If you look closely you’ll notice one line that opens some pretty cool doors.

def self.app(flipper = nil, options = {})
#  env_key = options.fetch(:env_key, 'flipper')
#  app = ->() { [200, { 'Content-Type' => 'text/html' }, ['']] }
#  builder = Rack::Builder.new
   yield builder if block_given?
#  builder.use Rack::Protection
#  builder.use Rack::Protection::AuthenticityToken
#  builder.use Rack::MethodOverride
#  builder.use Flipper::Middleware::SetupEnv, flipper, env_key: env_key
#  builder.use Flipper::Middleware::Memoizer, env_key: env_key
#  builder.use Middleware, env_key: env_key
#   builder.run app
#  klass = self
#  builder.define_singleton_method(:inspect) { klass.inspect } # pretty rake routes output
#  builder
end

When provided a block, Flipper::UI.app invokes the block, yielding the Rack::Builder instance. This exposes the internal Rack::Builder instance allowing developers to chain any additional middleware they’d like:

Rails.application.routes.draw do
  mount Flipper::UI.app(Flipper) { |builder|
    builder.use(Middleware)
  } => '/flipper'
end

Use Case: Flipper Auditing

At work we needed an audit trail of any changes made through the Flipper UI.

  • Who made the change?

  • Which feature was enabled?

  • What date were they enabled?

Clicking the Enable button enables a feature for all users:

enable-button

In Chrome’s network inspector we see this button makes a:

  • POST request to /flipper/features/feature_name/boolean
  • Body includes some form data { action: enable, authenticity_token: ***** }
  • Responds with a 302 HTTP status code (redirect)

enable

We also know we have an authenticated user interacting with the UI so can get the user making these requests from the server. All of this information combined tells us:

Who made the change? - currently signed in user

Which feature was enabled? - /features/optimized_search/boolean

Who was enabled? - /features/optimized_search/boolean; { action: 'Enable' }, in other words everyone

302 - tells us this request was succesful

Audit Middleware

Let’s implement a simple middleware that simply logs this info.

class FlipperUIMiddleware
  def initialize(app)
    @app = app
  end

  def call(env)
    status, headers, body = @app.call(env)
    request = Rack::Request.new(env)
    user_email = env['warden'].user.email
    message = format(user_email, request, status)
    Rails.logger.info(message) unless asset_request?(request.url)
    [status, headers, body]
  end

  private

  def asset_request?(url)
    /\.\w+$/.match(url)
  end

  def format(user_email, request, status)
    msg = {
      email: user_email,
      method: request.request_method,
      url: request.url,
      params: request.params.except('authenticity_token'),
      status: status
    }

    JSON.generate(msg)
  end
end

And make sure Flipper::UI is using it

Rails.application.routes.draw do
  mount Flipper::UI.app(Flipper) { |builder|
    builder.use(FlipperUIMiddleware)
  } => '/flipper'
end

Now all requests made to flipper/ will pass their responses through our middleware.

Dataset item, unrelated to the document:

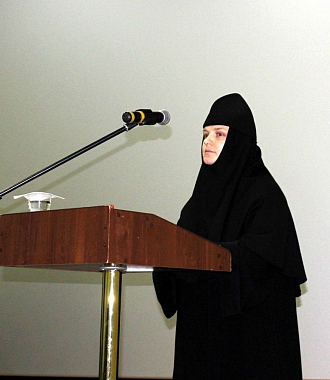 Монахиня Никона (Афанасьева), насельница Свято-Тихоновского Преображенского женского монастыря, выступила с докладом «Монашество как путь восхождения к Богу», посвященным святоотеческому учению о монашеских обетах.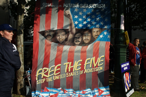 Nous réclamerons la libération immédiate de Gerardo Hernández, Ramón Labañino, Antonio Guerrero, Fernando González et René González.

Some notes on the middleware:

  • We’re using a warden-based authentication framework, Devise, which uses its own middleware to add the current user to the request
  • Rack::Request just provides a simple interface for interacting with the request.
  • We only log requests triggered by the user. Since all requests to flipper/ will pass through this middleware we need to filter out any requests for asset files (files ending in .css, .js, .png, etc.). /.\w+$/.match(url) takes care of this.
  • We filter our the authenticity_token, which is there to protect against CSRF attacks.

Now in our logs we can easily query for the these messages and get an understanding of who’s done what within the Flipper UI.

flipper-ui-features Logentries’ advanced LEQL

I always find it useful connecting the theory with real-world examples. Hopefully this gives you just a bit more understanding of your Rack applications.